─── DATA RECORDS ───

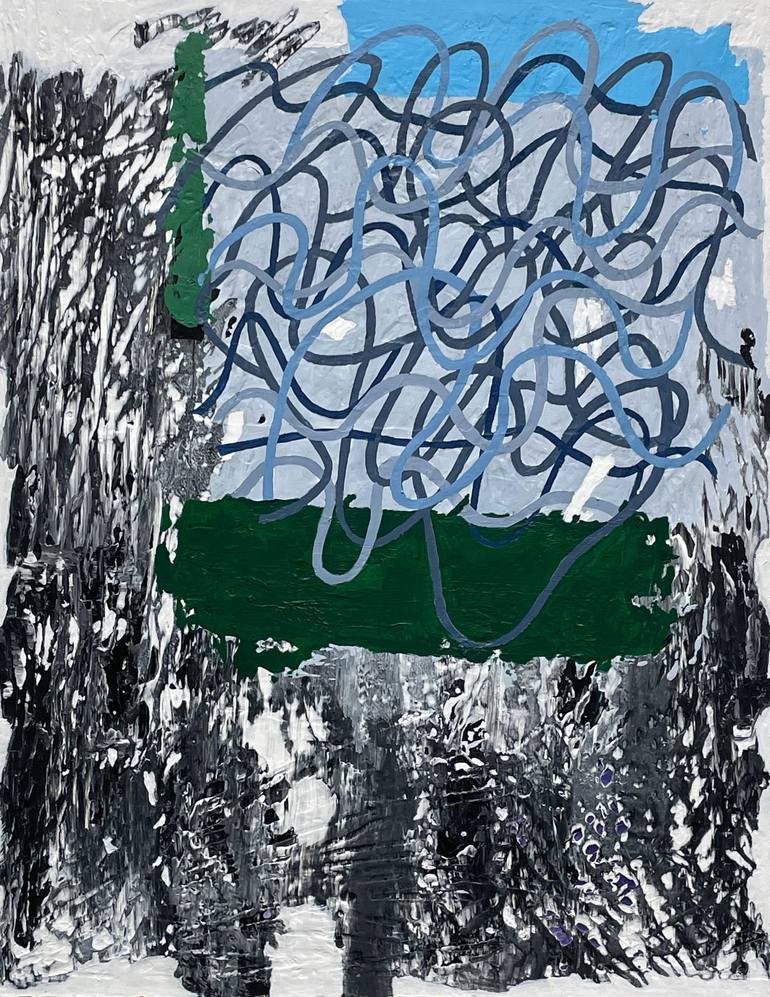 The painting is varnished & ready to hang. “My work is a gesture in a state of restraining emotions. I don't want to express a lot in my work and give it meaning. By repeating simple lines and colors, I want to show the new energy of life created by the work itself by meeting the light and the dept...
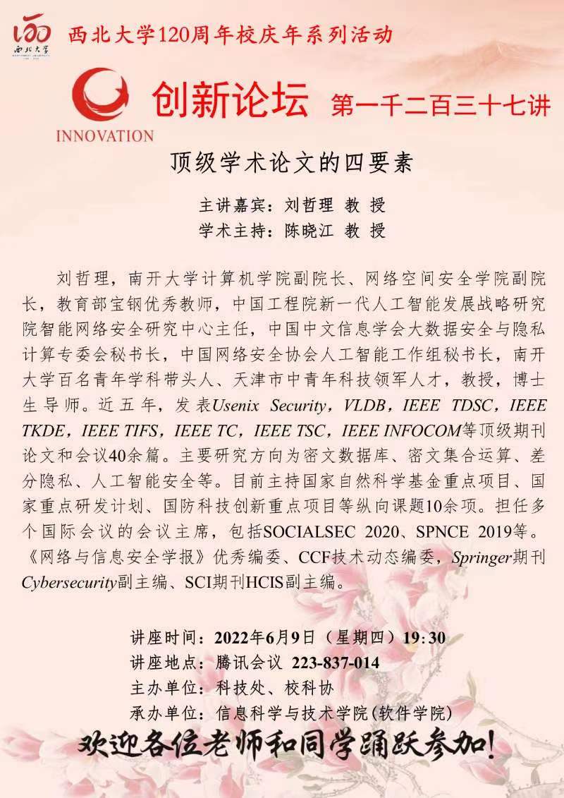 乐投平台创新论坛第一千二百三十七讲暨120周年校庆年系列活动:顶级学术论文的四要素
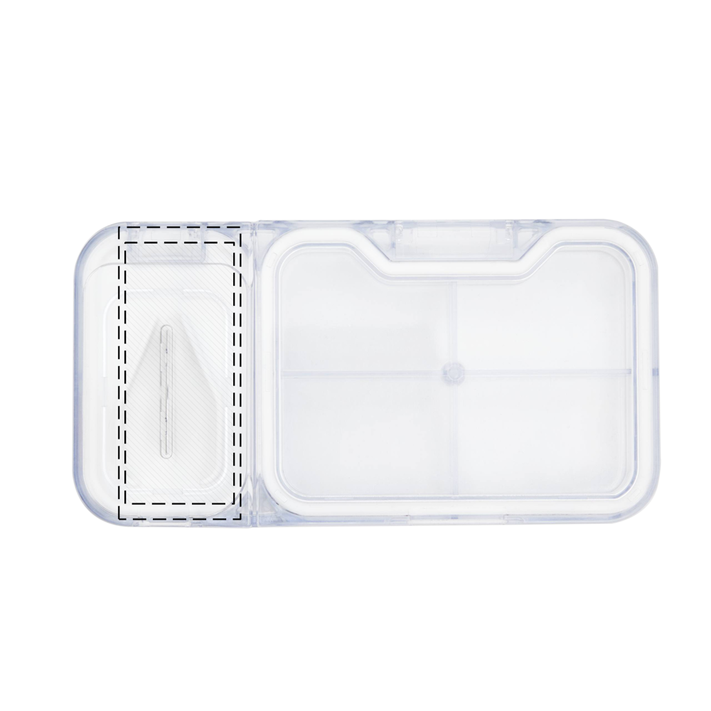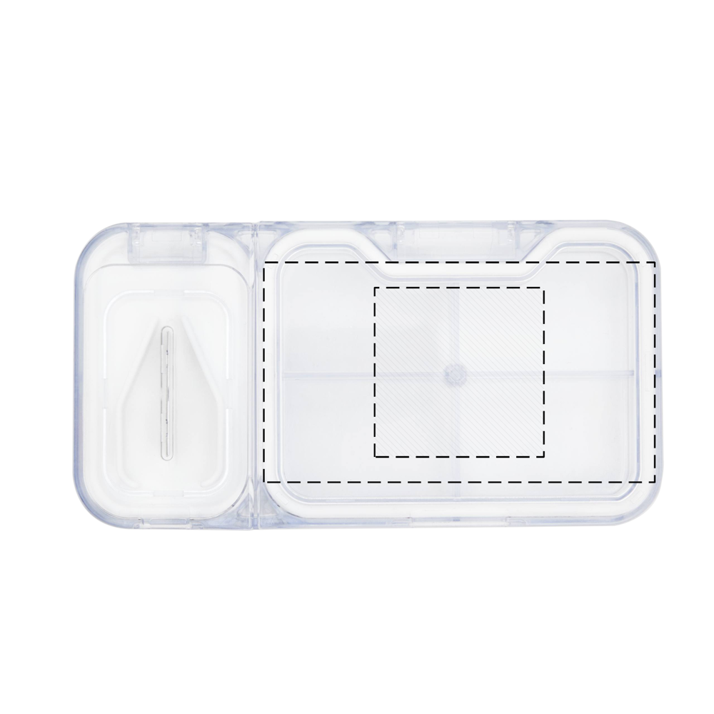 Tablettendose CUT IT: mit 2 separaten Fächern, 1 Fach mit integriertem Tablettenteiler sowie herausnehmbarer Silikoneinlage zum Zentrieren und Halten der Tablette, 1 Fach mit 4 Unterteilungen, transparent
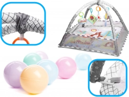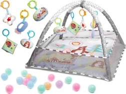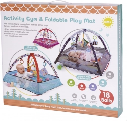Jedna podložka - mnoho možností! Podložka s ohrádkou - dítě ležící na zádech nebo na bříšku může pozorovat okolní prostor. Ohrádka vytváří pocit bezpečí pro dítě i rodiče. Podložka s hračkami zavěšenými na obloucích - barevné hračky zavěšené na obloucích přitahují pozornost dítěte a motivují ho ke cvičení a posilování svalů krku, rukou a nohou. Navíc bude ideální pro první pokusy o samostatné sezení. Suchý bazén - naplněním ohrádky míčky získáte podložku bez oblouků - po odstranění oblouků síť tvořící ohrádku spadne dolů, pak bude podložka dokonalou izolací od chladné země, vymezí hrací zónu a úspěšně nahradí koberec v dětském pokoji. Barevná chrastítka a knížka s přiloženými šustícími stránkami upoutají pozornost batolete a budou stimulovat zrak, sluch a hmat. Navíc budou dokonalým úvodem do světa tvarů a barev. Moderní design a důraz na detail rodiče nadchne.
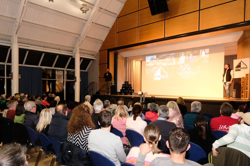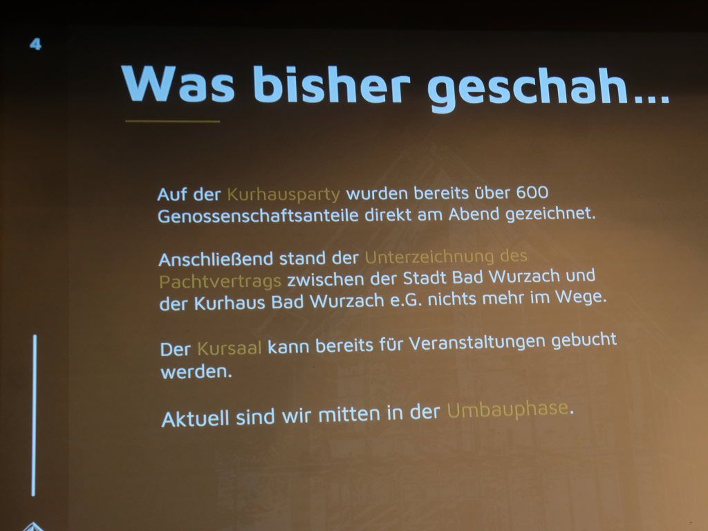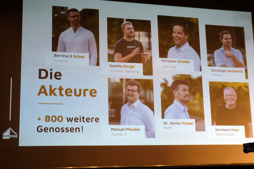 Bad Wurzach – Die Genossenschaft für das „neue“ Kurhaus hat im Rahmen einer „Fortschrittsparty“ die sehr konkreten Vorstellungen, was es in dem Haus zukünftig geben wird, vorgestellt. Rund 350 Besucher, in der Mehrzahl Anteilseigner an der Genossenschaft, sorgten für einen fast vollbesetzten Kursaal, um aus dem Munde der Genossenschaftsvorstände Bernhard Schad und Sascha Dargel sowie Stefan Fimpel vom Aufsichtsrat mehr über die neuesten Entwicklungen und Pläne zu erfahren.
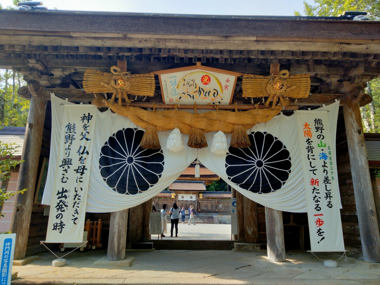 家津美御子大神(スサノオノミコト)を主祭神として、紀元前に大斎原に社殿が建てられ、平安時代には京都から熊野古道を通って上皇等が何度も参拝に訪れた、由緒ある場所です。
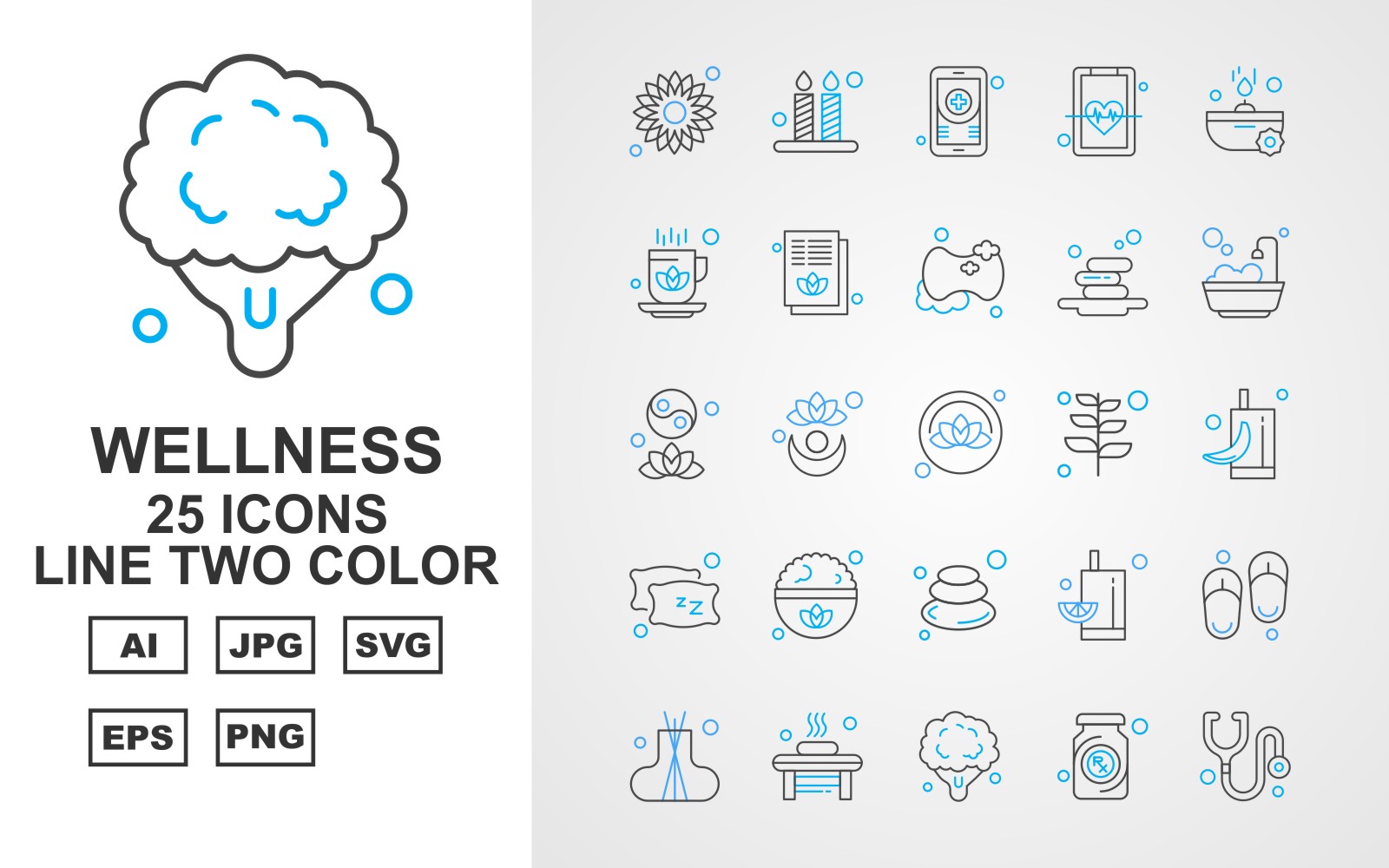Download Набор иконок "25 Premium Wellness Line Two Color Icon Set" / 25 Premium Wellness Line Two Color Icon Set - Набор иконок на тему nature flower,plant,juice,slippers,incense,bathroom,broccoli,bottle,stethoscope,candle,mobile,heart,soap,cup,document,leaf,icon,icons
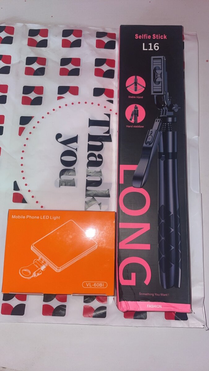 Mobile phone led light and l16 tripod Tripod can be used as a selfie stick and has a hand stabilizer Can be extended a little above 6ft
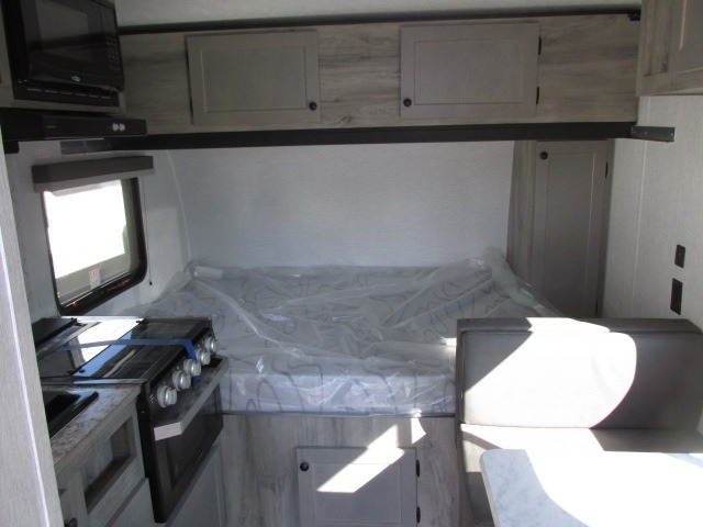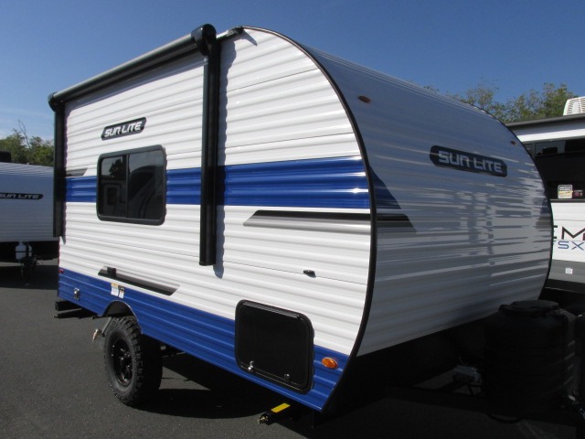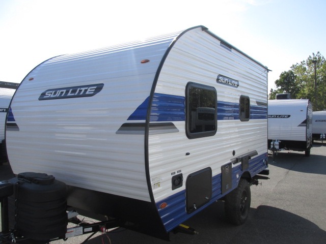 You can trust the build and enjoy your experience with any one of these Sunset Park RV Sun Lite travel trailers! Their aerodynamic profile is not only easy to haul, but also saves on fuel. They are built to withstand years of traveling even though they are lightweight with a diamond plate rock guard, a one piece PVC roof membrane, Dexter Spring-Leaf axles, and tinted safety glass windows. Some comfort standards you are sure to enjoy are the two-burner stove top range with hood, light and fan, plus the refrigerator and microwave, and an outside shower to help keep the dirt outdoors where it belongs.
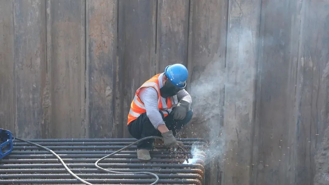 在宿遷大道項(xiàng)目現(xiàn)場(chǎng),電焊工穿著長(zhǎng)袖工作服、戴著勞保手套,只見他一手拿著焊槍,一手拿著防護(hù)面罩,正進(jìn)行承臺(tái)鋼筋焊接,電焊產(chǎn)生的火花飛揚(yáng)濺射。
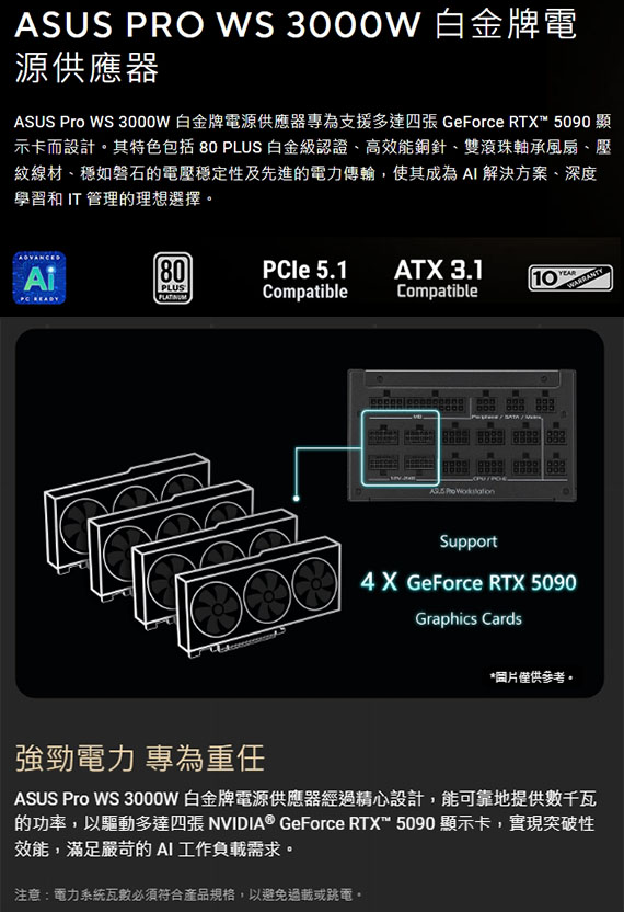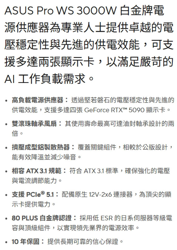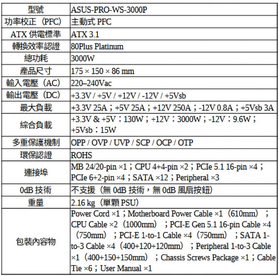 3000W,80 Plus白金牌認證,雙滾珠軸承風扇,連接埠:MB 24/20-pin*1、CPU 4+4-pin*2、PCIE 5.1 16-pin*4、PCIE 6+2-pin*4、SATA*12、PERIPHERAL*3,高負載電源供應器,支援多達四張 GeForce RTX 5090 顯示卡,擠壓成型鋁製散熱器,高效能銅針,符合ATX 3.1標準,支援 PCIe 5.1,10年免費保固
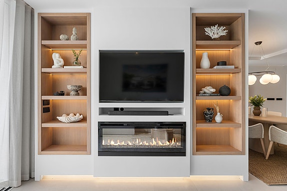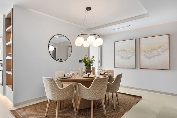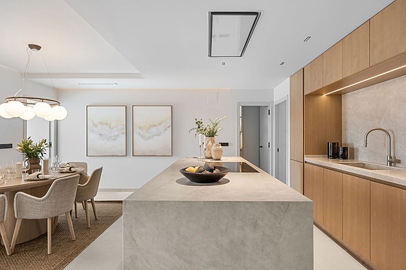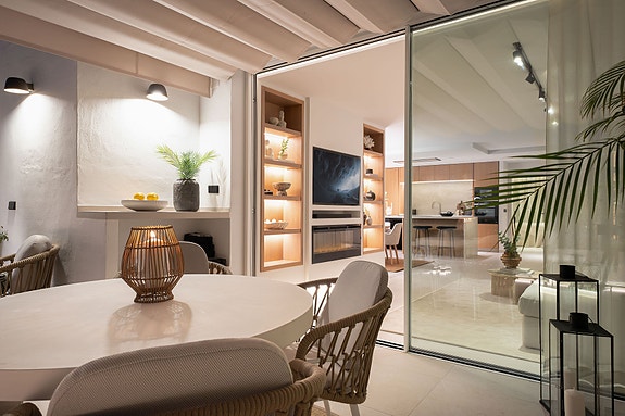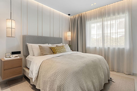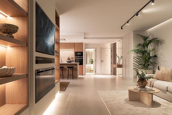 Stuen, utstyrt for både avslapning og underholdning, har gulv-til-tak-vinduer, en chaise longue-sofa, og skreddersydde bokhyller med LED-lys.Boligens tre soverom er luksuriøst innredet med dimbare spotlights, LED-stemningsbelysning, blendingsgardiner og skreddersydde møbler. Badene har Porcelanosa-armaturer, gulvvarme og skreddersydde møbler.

───

# WHAT THE TASK REQUIRES
Pictures are not part of the copy. Output only the lines from the one with "You can trust" through the final line of the records, exactly as given.

# ANSWER SECTION
 You can trust the build and enjoy your experience with any one of these Sunset Park RV Sun Lite travel trailers! Their aerodynamic profile is not only easy to haul, but also saves on fuel. They are built to withstand years of traveling even though they are lightweight with a diamond plate rock guard, a one piece PVC roof membrane, Dexter Spring-Leaf axles, and tinted safety glass windows. Some comfort standards you are sure to enjoy are the two-burner stove top range with hood, light and fan, plus the refrigerator and microwave, and an outside shower to help keep the dirt outdoors where it belongs.
 在宿遷大道項(xiàng)目現(xiàn)場(chǎng),電焊工穿著長(zhǎng)袖工作服、戴著勞保手套,只見他一手拿著焊槍,一手拿著防護(hù)面罩,正進(jìn)行承臺(tái)鋼筋焊接,電焊產(chǎn)生的火花飛揚(yáng)濺射。
 3000W,80 Plus白金牌認證,雙滾珠軸承風扇,連接埠:MB 24/20-pin*1、CPU 4+4-pin*2、PCIE 5.1 16-pin*4、PCIE 6+2-pin*4、SATA*12、PERIPHERAL*3,高負載電源供應器,支援多達四張 GeForce RTX 5090 顯示卡,擠壓成型鋁製散熱器,高效能銅針,符合ATX 3.1標準,支援 PCIe 5.1,10年免費保固
 Stuen, utstyrt for både avslapning og underholdning, har gulv-til-tak-vinduer, en chaise longue-sofa, og skreddersydde bokhyller med LED-lys.Boligens tre soverom er luksuriøst innredet med dimbare spotlights, LED-stemningsbelysning, blendingsgardiner og skreddersydde møbler. Badene har Porcelanosa-armaturer, gulvvarme og skreddersydde møbler.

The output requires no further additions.